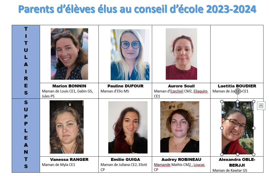 Voici un trombinoscope des parents élus au conseil d’école pour cette nouvelle année scolaire. Vous pouvez vous tourner vers eux pour faire remonter des informations lors des conseils d’école qui se tiendront :
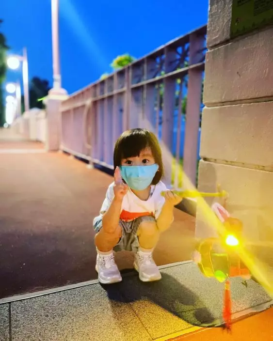 大部份照片囡囡「小珍珠」都戴上口罩拍攝。
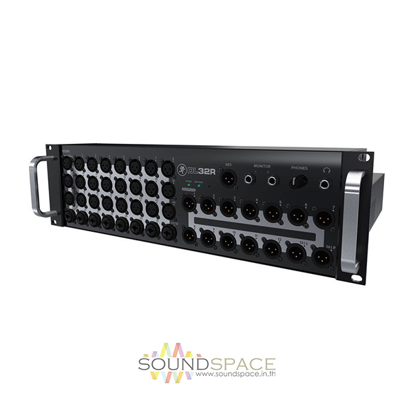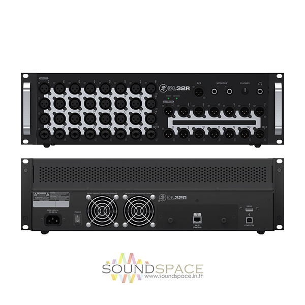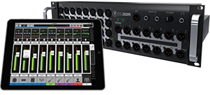 The DL32R features 32 microphone inputs (24 XLR + 8 XLR/TRS combo) with high-quality Onyx+ recallable preamps, capable of handling full bands that include guitars, full drum sets, vocals, and much more. It also has 14 fully assignable XLR outputs for connection to amplifiers, powered speakers, wireless transmitters for in-ear monitoring. The DL32R also allows up to 10 performing musicians to mix their own monitors using their iPhone, iPad or iPod touch.
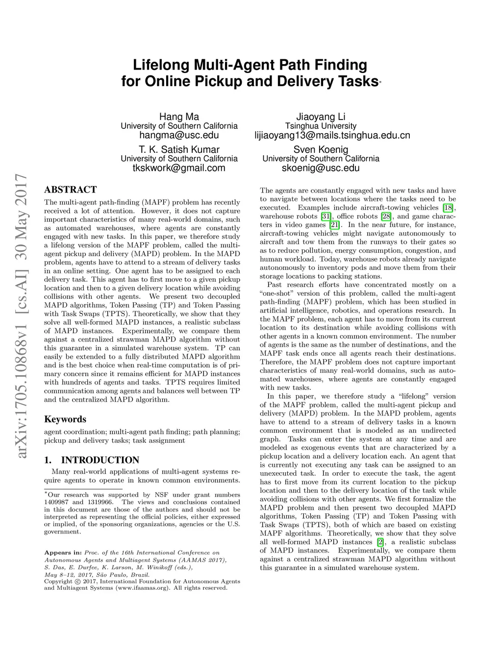 The multi-agent path-finding (MAPF) problem has recently received a lot of attention. However, it does not capture important characteristics of many real-world domains, such as automated warehouses, where agents are constantly engaged with new tasks. In this paper, we therefore study a lifelong version of the MAPF problem, called the multi-agent pickup and delivery (MAPD) problem. In the MAPD problem, agents have to attend to a stream of delivery tasks in an online setting. One agent has to be assigned to each delivery task. This agent has to first move to a given pickup location and then to a given delivery location while avoiding collisions with other agents. We present two decoupled MAPD algorithms, Token Passing (TP) and Token Passing with Task Swaps (TPTS). Theoretically, we show that they solve all well-formed MAPD instances, a realistic subclass of MAPD instances. Experimentally, we compare them against a centralized strawman MAPD algorithm without this guarantee in a simulated warehouse system. TP can easily be extended to a fully distributed MAPD algorithm and is the best choice when real-time computation is of primary concern since it remains efficient for MAPD instances with hundreds of agents and tasks. TPTS requires limited communication among agents and balances well between TP and the centralized MAPD algorithm.
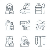 Zdjęcie "ikony linii przesyłu wirusa. zestaw liniowy. wysokiej jakości zestaw linii wektorowych, takich jak mycie, wstrzykiwanie, wyszukiwanie, dezynfekcja rąk, przenoszenie wirusa, medycyna, zawroty głowy, szpital, karetka" może być wykorzystywane do celów osobistych i komercyjnych zgodnie z warunkami zakupionej licencji Royalty-free. Obraz jest dostępny do pobrania w jakości wysokiej rozdzielczości do 5760x3840.
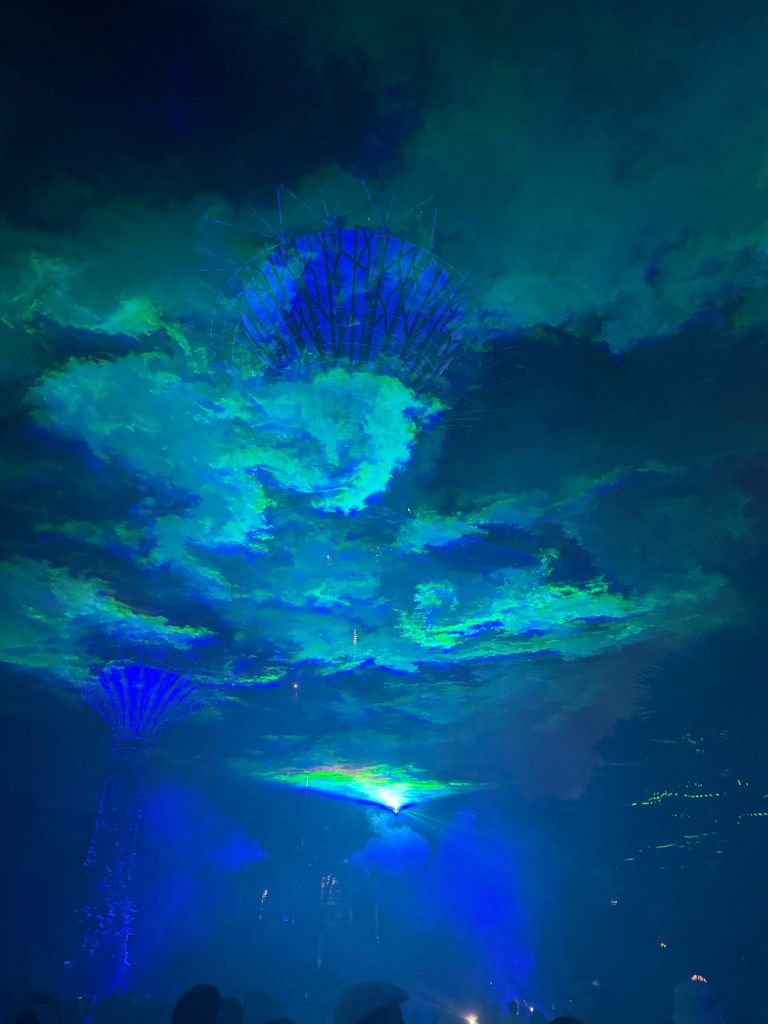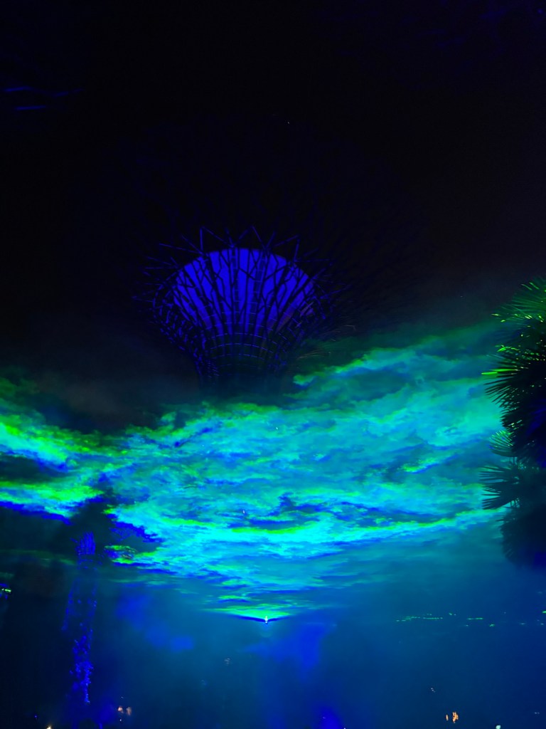 After the show they have an art installation where all of the super trees shoot out mist and then lights are projected on the mist to make it look like the aurora borealis. It’s hard to take a picture of, but it’s pretty awesome.
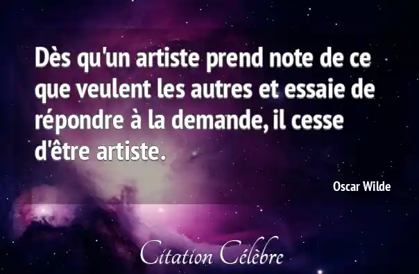Dès qu'un artiste prend note de ce que veulent les autres et essaie de répondre à la demande, il cesse d'être artiste.
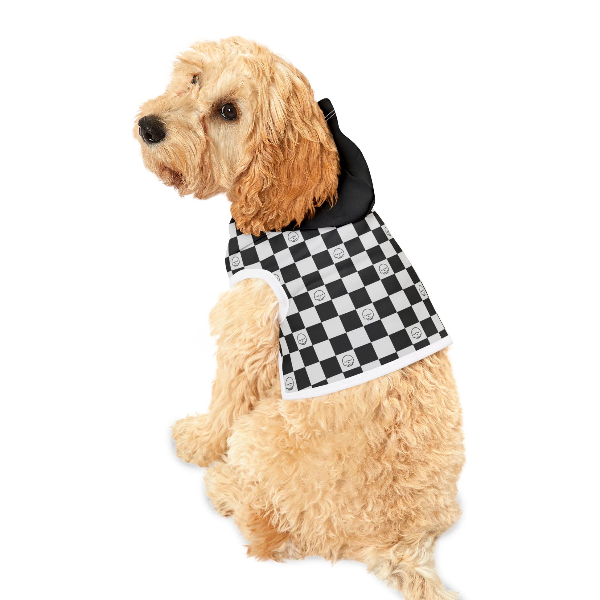 Trendy Black & White Checkered Pet Hoodie for Stylish Pets

● ● ● ●

### Work order
Begin at the first line of the listing and print each line exactly. Stop after the line containing "大部份照片囡囡「小珍珠」都戴上口罩拍攝。", and omit all pictures.

### Output below
 Voici un trombinoscope des parents élus au conseil d’école pour cette nouvelle année scolaire. Vous pouvez vous tourner vers eux pour faire remonter des informations lors des conseils d’école qui se tiendront :
 大部份照片囡囡「小珍珠」都戴上口罩拍攝。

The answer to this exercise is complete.